Education in its general sense is a form of learning in which the knowledge, skills, and habits of a group of people are transferred from one generation to the next through teaching, training, or research states the E- News Article Science Daily.

It is also considered as a crucial driver which contributes to social, political, cultural and economic transformation of a country by creating skilled quality human intellectual capital and only a quality intellectual capital can contribute to the development of its nation. Thus, institutions of higher learning which are an integral part of the education system play a very important role in grooming its students towards becoming the quality human intellectual capital. So much so because, it has also become a common expectation from the industry that higher education institutions should equip graduates with the proper skills necessary to achieve success in the workplace (Robinson, 2000)

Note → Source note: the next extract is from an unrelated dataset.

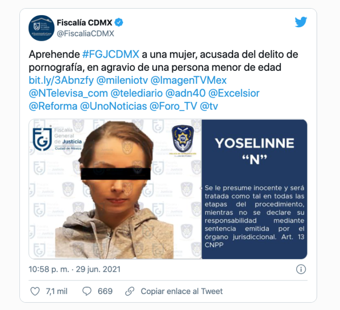 Yoseline H fue detenida la noche del martes 29 de junio por agentes de la Fiscalía de la Ciudad de México acusada del delito de pornografía infantil. La youtuber conocida como YosStop difundió en su canal de YouTube un video donde revictimiza a Ainara por el presunto abuso sexual que la joven padeció durante una fiesta.

Thus, Higher education in India should only aim to produce human capital equipped with knowledge and skills for survival of the individual and growth of the country. In view of this aim, higher education can be considered as a process of skill formation which is in equivalence to the process of intellectual capital formation. Higher education in India has an ace record of producing world’s largest number of Scientists, Engineers and Management graduates, but this record crumbles down feebly as the quantity of the on paper qualified graduates vis-a-vis the quality of only those few graduates who are employed is very shocking. HEIs have miserably failed in equipping the graduates - the intellectual capital of the country with skill sets required to suit the industry environment. There is a striking disparity between the theoretical knowledge inputs extended to the students in HEIs and the application skills required by the graduates to perform in the Industry. Thus, Indian universities need to step down and understand that the Intellectual Capital, they produce is the driver for the growth of Indian economy and so take huge steps to revamp the current curriculum and pedagogy of the II and II tier HEIs.

Today’s highly technical and sophisticated jobs at both the national and global level demand highly professional graduates that can increase the productivity of the firm and thereby increase its value. For instance, the shift from production oriented Engineering jobs to service oriented Engineering jobs demands professionals with both sound technical and behavioral skills to attain and retain the job (Hillage & Pollard, 1998).